Background  The classic treatment for pemphigus vulgaris is prednisolone. Immunosuppressive drugs can be used in association. Objective  To compare the efficacy of Azathioprine in reducing the Disease Activity Index (DAI). Patients and methods  A double blind randomized controlled study was conducted on 56 new patients, assigned to two therapeutic groups: (i) prednisolone plus placebo; (ii) prednisolone plus Azathioprine. Patients were checked regularly for 1 year. ‘Complete remission’ was defined as healing of all lesions after 12 months, and prednisolone <7.5 mg daily, (DAI ≤ 1). Analysis was done by ‘Intention To Treat’ (ITT) and ‘Treatment Completed Analysis’ (TCA).
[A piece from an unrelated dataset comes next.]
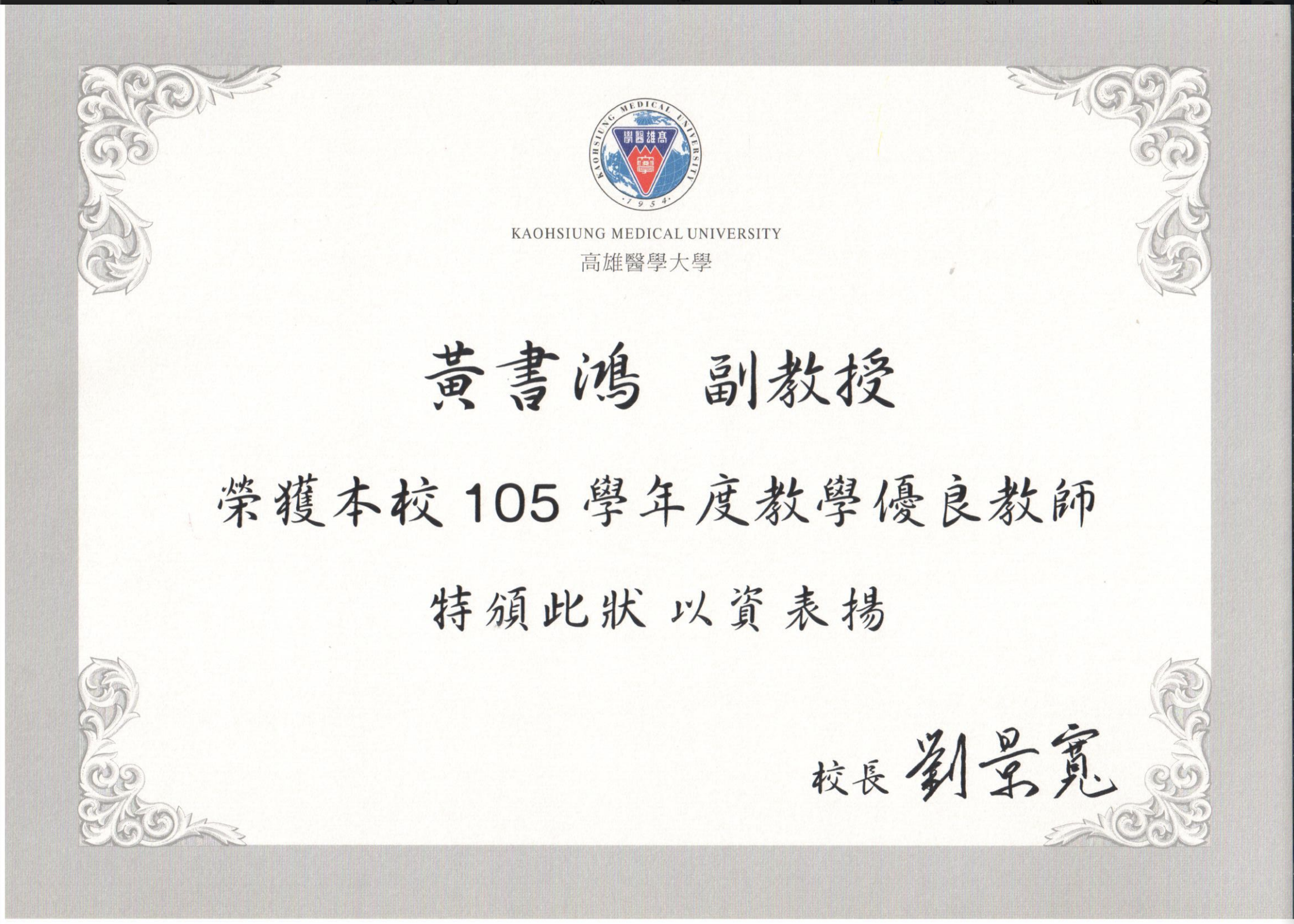 - 2016年(105學年度) 高雄醫學大學 教學優良教師

Results  Both groups were similar in age, gender, disease duration, and DAI. Primary endpoint: By ITT and TCA, the mean DAI improved in both groups with no significant difference between them. The difference became significant for the last trimester (3 months; ITT: P  = 0.033, TCA: P  = 0.045). Secondary endpoint: The total steroid dose decreased significantly in both groups, with no significant difference between them, except for the last trimester (ITT: P  = 0.011, TCA: P  = 0.035). The mean daily steroid dose decreased gradually in both groups becoming statistically significant in favour of azathioprine, in the last trimester, especially at 12th months (ITT: P  = 0.002, TCA: P  = 0.005). Complete remission was significant at 12 months only for TCA (AZA/Control: 53.6%/39.9%, P  = 0.043). Limitations  Sample size was rather small to demonstrate all differences. Other limitations include the choice of primary and secondary endpoints and the unavailability to measure thiopurine methyltransferase activity. Conclusion  Azathioprine helps to reduce prednisolone dose in long‐run.